* [Description of the task]: Take the whole listing and reproduce it exactly, pictures excepted.

* [Supplied data]:
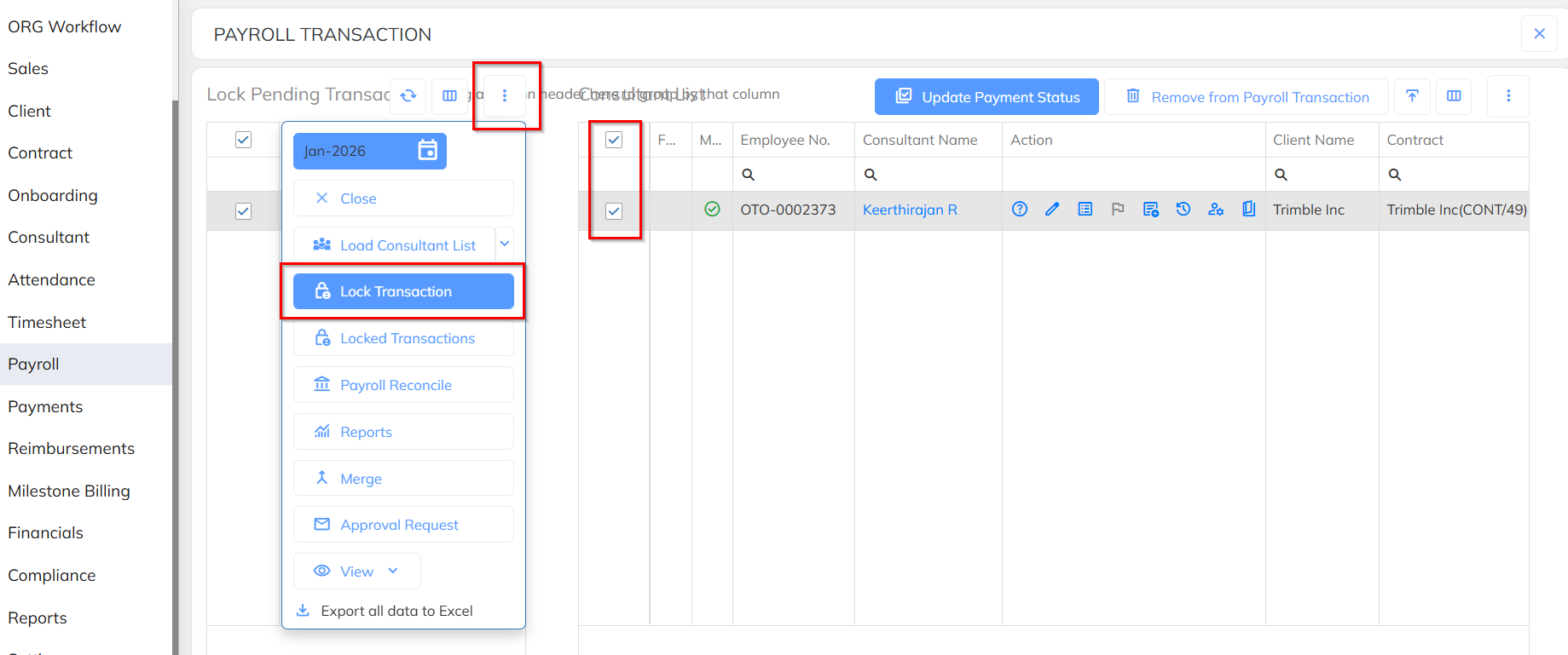 Step 3: Select the required Employees/Consultants >> Click the Left-side Menu >> Select Lock Transaction >>Yes/No.
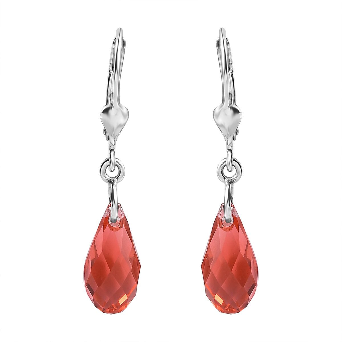 Padparasha Crystal Lever Back Earrings in Sterling Silver
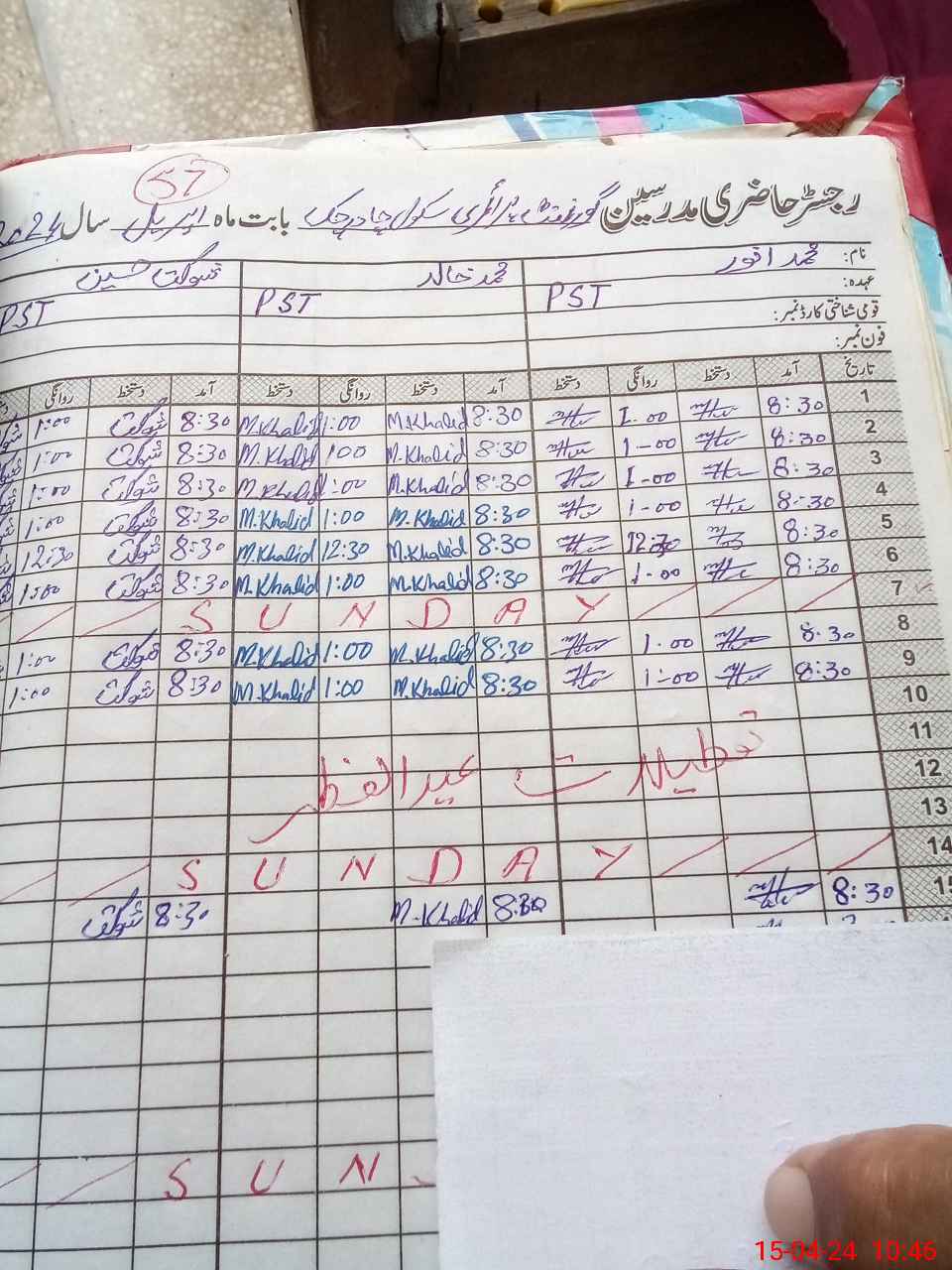 | Name: MU**** AN**** Designation: (School Headmaster's/Headmistress's) PST Phone/Cell Number: 03**** |
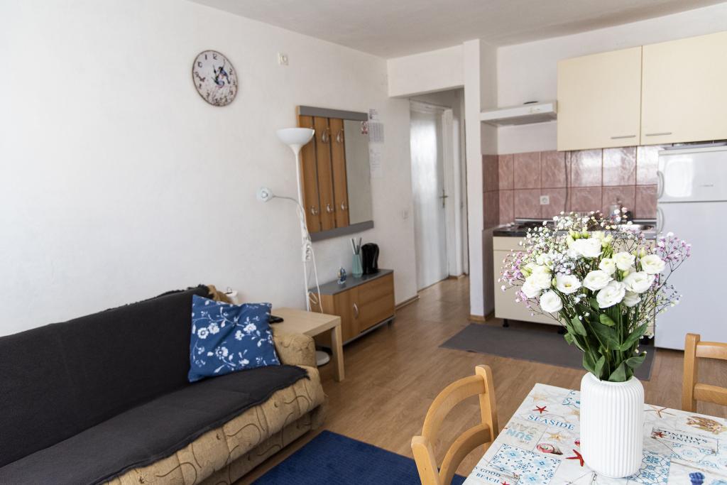 Turistična taksa je vključena v ceno. Dokument o potrditvi rezervacije ob rezervacijiApartma se nahaja v mirni ulici in blizu (6-7 minut hoje) zelo lepe plaže z borovci. Bilo je zelo čisto (tako čistega apartmaja na Hrvaškem še nisem videl). Je del apartmajske hiše s 3 apartmaji za goste (+ eden, kjer živita lastnika). Bili smo družina z dvema otrokoma (8 in 10 let) in apartma A2+1 (ID: 75057) nam je bil glede prostora povsem v redu, saj je okoli hiše več prostorov (velika paviljon in dvorišče), kjer lahko jeste, se igrate, pogovarjate, poslušate glasbo. To vam bo še posebej všeč, če ste tam z drugo družino ali skupino prijateljev (imate 2 ali 3 apartmaje). Poleg tega imate v kuhinji pomivalni stroj - to boste resnično cenili, v kopalnici pa je tudi pralni stroj. Stanovanje (ID: 75057) je v resnici videti bolje kot na slikah. Cena bivanja je zelo ugodna. Lastniki so zelo prijazni, odzivni in dobro govorijo angleško.

* [Task result]:
 Step 3: Select the required Employees/Consultants >> Click the Left-side Menu >> Select Lock Transaction >>Yes/No.
 Padparasha Crystal Lever Back Earrings in Sterling Silver
 | Name: MU**** AN**** Designation: (School Headmaster's/Headmistress's) PST Phone/Cell Number: 03**** |
 Turistična taksa je vključena v ceno. Dokument o potrditvi rezervacije ob rezervacijiApartma se nahaja v mirni ulici in blizu (6-7 minut hoje) zelo lepe plaže z borovci. Bilo je zelo čisto (tako čistega apartmaja na Hrvaškem še nisem videl). Je del apartmajske hiše s 3 apartmaji za goste (+ eden, kjer živita lastnika). Bili smo družina z dvema otrokoma (8 in 10 let) in apartma A2+1 (ID: 75057) nam je bil glede prostora povsem v redu, saj je okoli hiše več prostorov (velika paviljon in dvorišče), kjer lahko jeste, se igrate, pogovarjate, poslušate glasbo. To vam bo še posebej všeč, če ste tam z drugo družino ali skupino prijateljev (imate 2 ali 3 apartmaje). Poleg tega imate v kuhinji pomivalni stroj - to boste resnično cenili, v kopalnici pa je tudi pralni stroj. Stanovanje (ID: 75057) je v resnici videti bolje kot na slikah. Cena bivanja je zelo ugodna. Lastniki so zelo prijazni, odzivni in dobro govorijo angleško.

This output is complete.